Использовав материалы наблюдений с орбиты и полученные уже после приземления данные, астроном рассчитал продолжительность одного оборота планеты вокруг своей оси с достаточной точностью. Дальнейшие расчеты вообще не представляли трудностей, но как вместить в рамки привычного земного календаря значительно более длительный период обращения планеты вокруг светила?
— Нет, это какая-то абракадабра получается,— рассчитав десятый вариант календаря, хмуро заметил Елагин.

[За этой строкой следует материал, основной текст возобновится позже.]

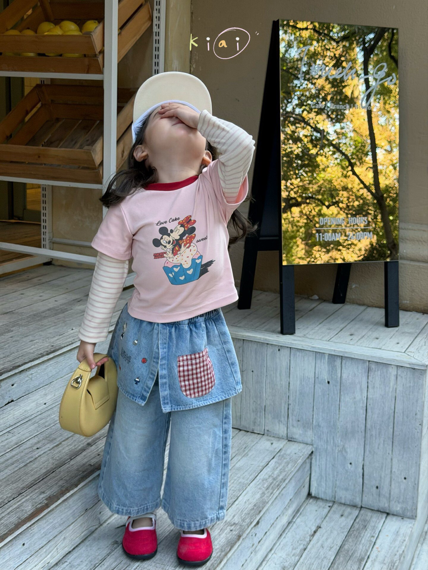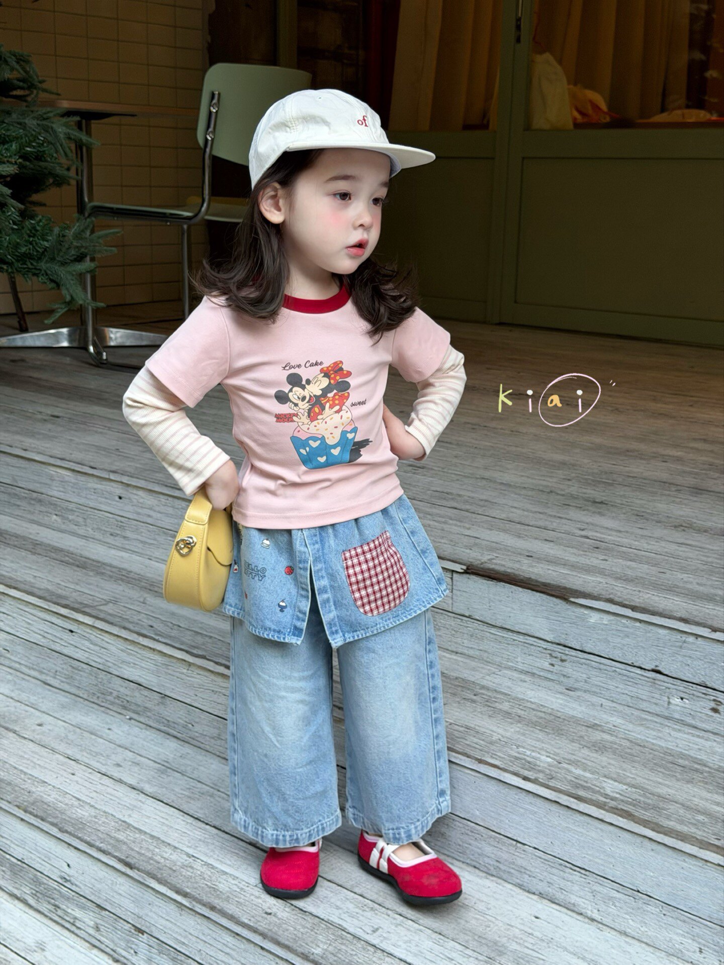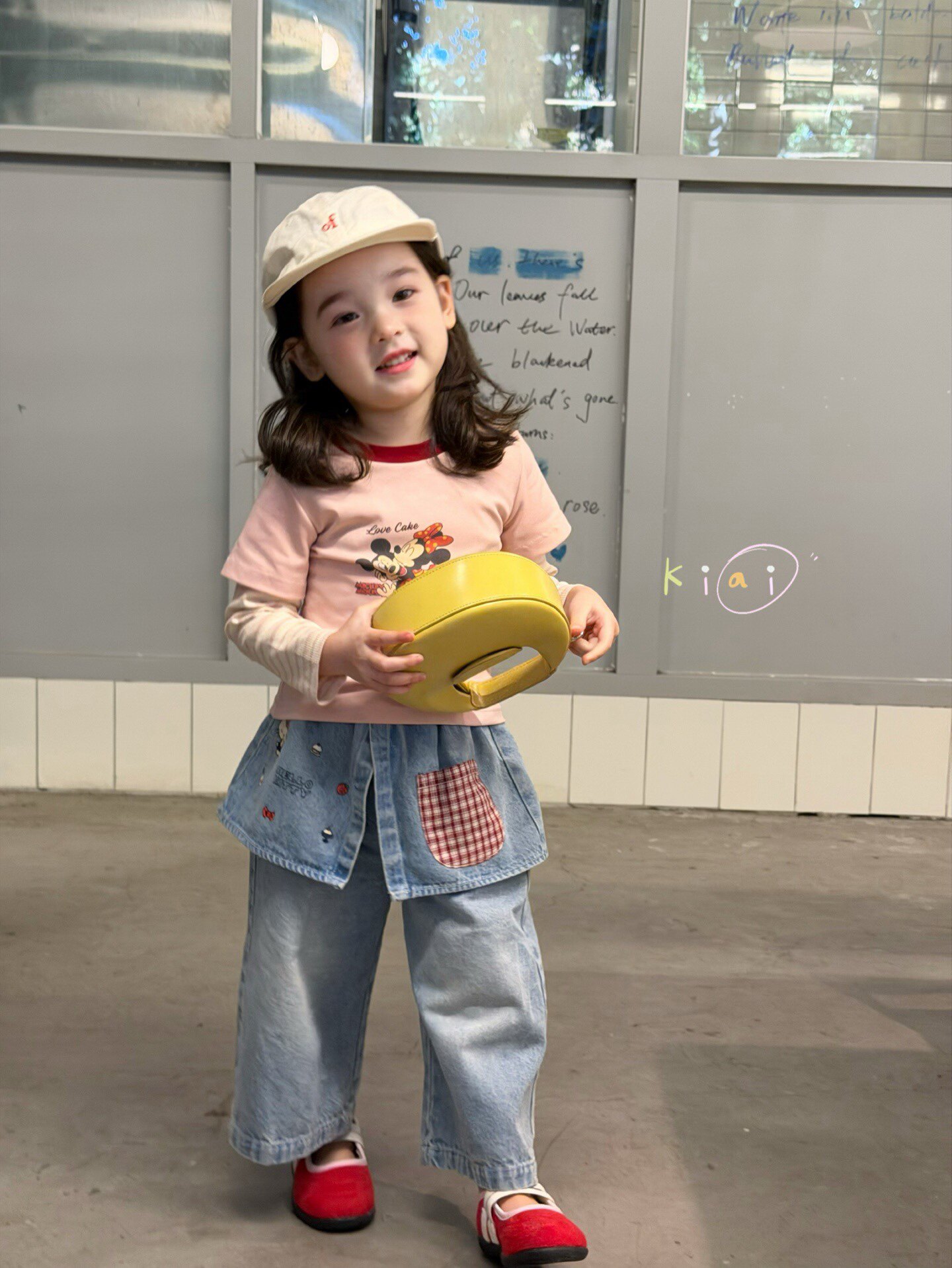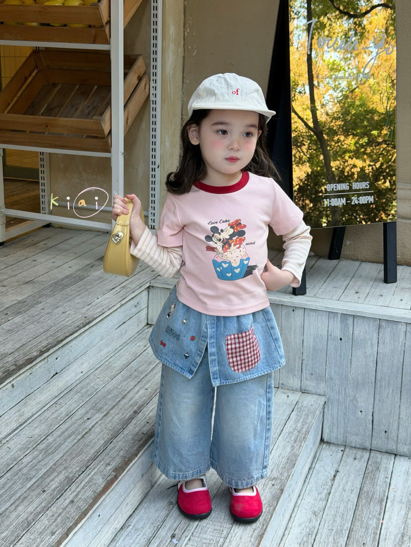 📚 凡妈童装26春款女童小童韩版米奇假两件T恤刺绣直筒牛仔长裤裙裤

— Не понимаю, Нина Артемовна, почему вы настаиваете на каком-то земном аналоге. Надо принимать действительность как она есть. Раз протяженность суток здесь двадцать восемь часов, значит, в любом случае любая земная аналогия будет плыть. Через шесть суток выпадает один земной день, и никакими ухищрениями вы его не вернете.
— Но, Степан Иванович, неужели вы не понимаете, что такая аналогия важна с психологической точки зрения: как мы будем узнавать, допустим, свой возраст? Прежде была ясность: наступил день рождения, значит, прибавился еще год. А теперь? Ну и наши традиционные праздники — когда их прикажете отмечать?
— На корабле остается служба земного времени и земной календарь. Поставим дополнительный блок на весь состав и будет она выдавать каждому сведения в любой момент, а приспосабливать земную систему календаря это, извините, ерунда какая-то.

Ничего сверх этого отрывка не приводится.